= Retailtainment =

Retailtainment is retail marketing as entertainment. In his book, Enchanting a Disenchanted World: Revolutionizing the Means of Consumption (1999), author George Ritzer describes "retailtainment" as the "use of ambience, emotion, sound and activity to get customers interested in the merchandise and in a mood to buy."

Sometimes called "inspirational retailing" or "entertailing," it has also been defined as "the modern trend of combining shopping and entertainment opportunities as an anchor for customers."

In 2001, Codeluppi described it as a way for marketers to "offer the consumer physical and emotional sensations during the shopping experience." And, in an article entitled "Using sonic branding in the retail environment" in the 2003 issue of the Journal of Consumer Behaviour, Fulberg described it as a way for retailers to entertain the consumer with a dramatization of their values."
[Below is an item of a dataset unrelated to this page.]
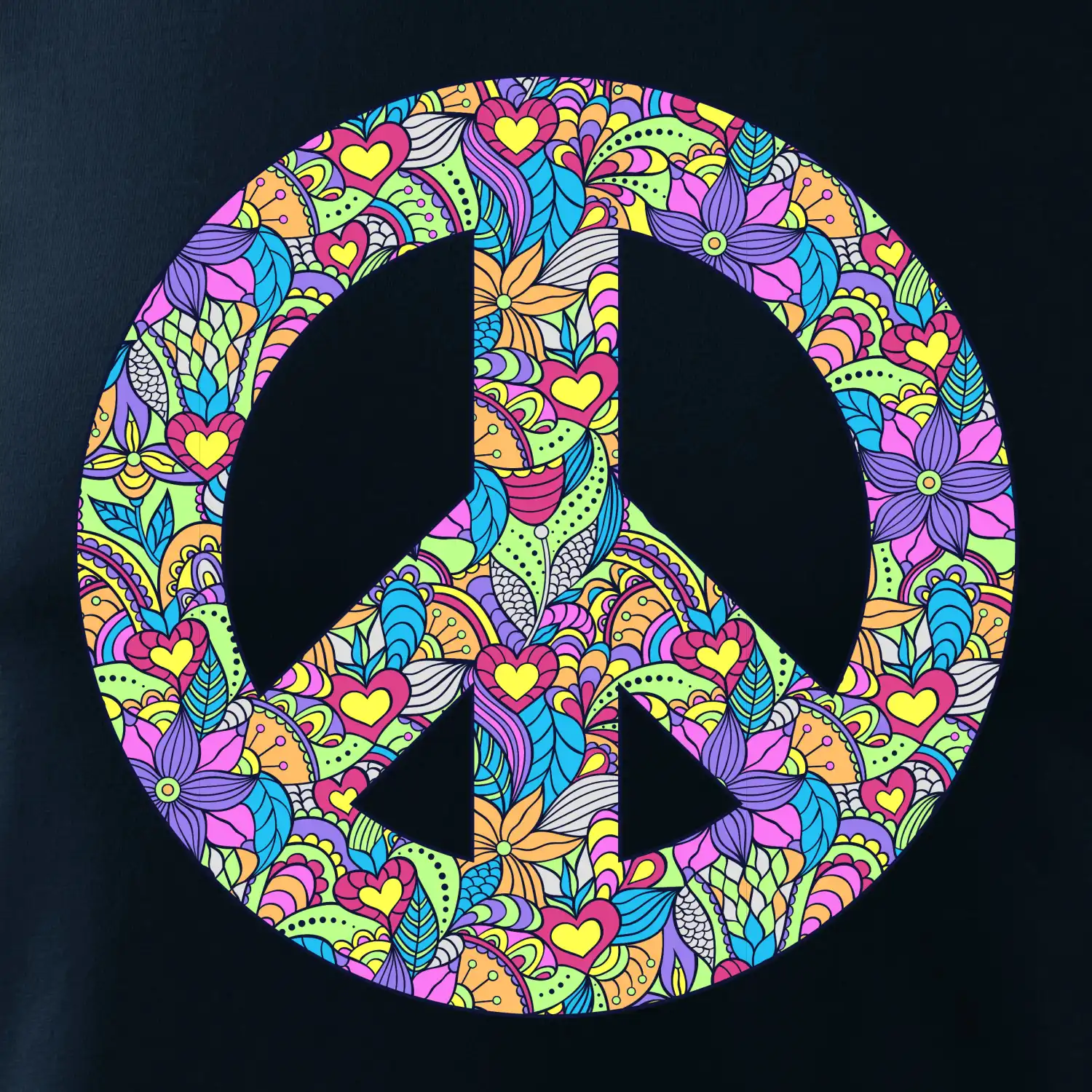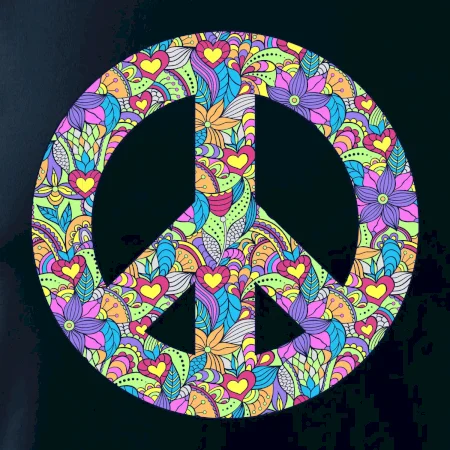 Triko se symbolem květinových dětí hippies. Hippies tričko na kterém jsou květy. Květinové tričko je vhodný dárek pro příznivce hippies. Pořiď si tohle triko a buď pravé květinové dítě.
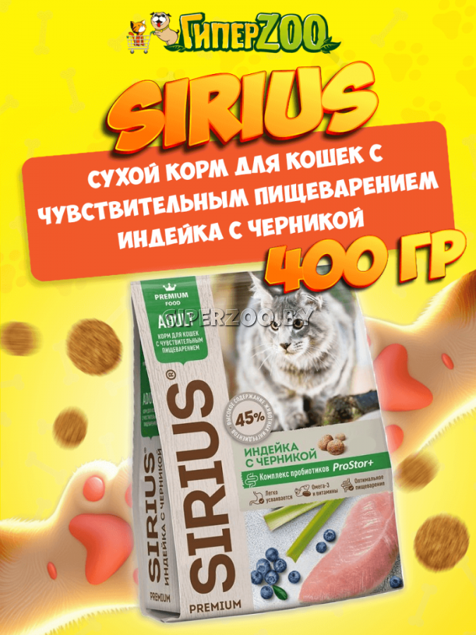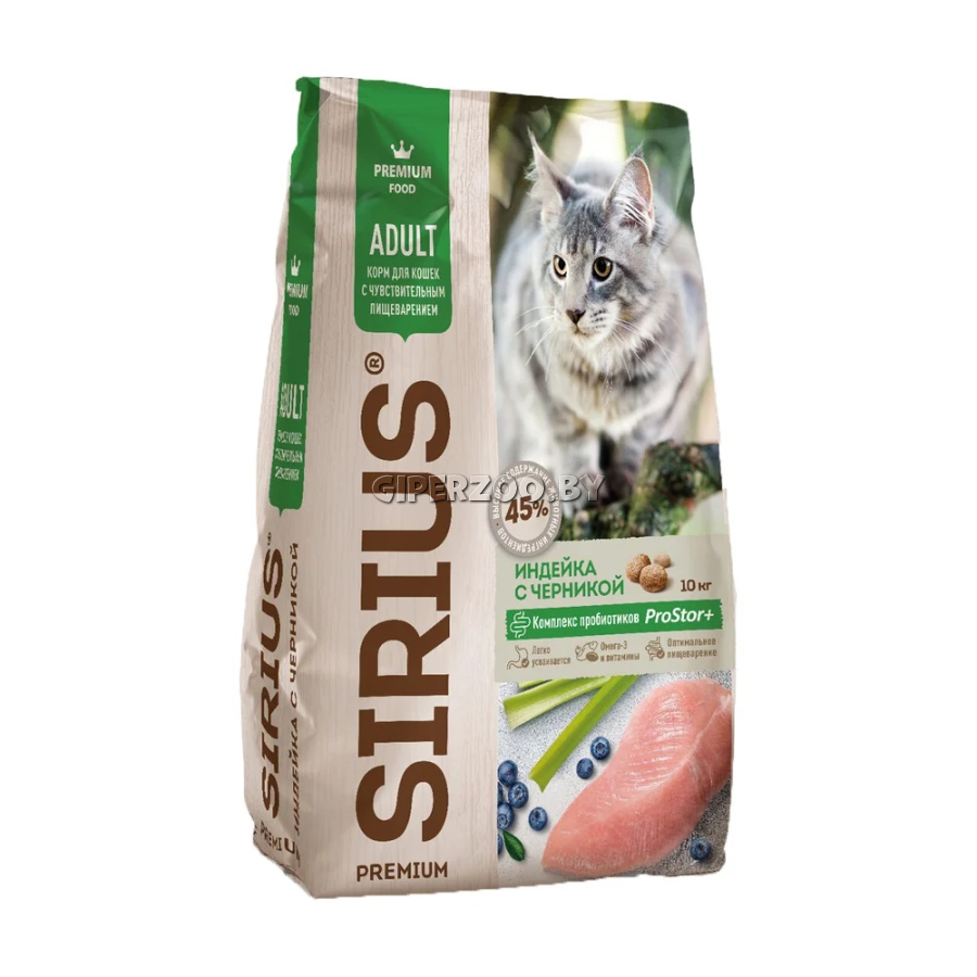 SIRIUS для кошек с чувствительным пищеварением (Индейка, черника) — сухой корм премиум класса для полноценного ежедневного питания взрослых кошек с чувствительным пищеварением.

According to Michael Morrison at the Australian Centre for Retail Studies:

“There is a move towards the concept of 'retailtainment.' This phenomenon, which brings together retailing, entertainment, music and leisure ... Retailers need to look further than the traditional retail store elements such as colour, lighting and visual merchandising to influence buying decisions. The specific atmosphere the retailer creates can, in some cases, be more influential in the decision-making process than the product itself. As goods and services become more of a commodity, it is what a shopper experiences and what atmosphere retailers create that really matters. Brand building is a combination of physical, functional, operational and psychological elements. Consumers will be willing to pay more for a brand if there is a perceived or actual added value from their experience of using the product or service.”

Shopper marketing expert Simon Temperley of Los Angeles agency The Marketing Arm, formerly U.S. Marketing & Promotions (Usmp), describes "retailtainment" as a "live brand experience" that frequently includes the use of "brand ambassadors" who "converse with the consumer."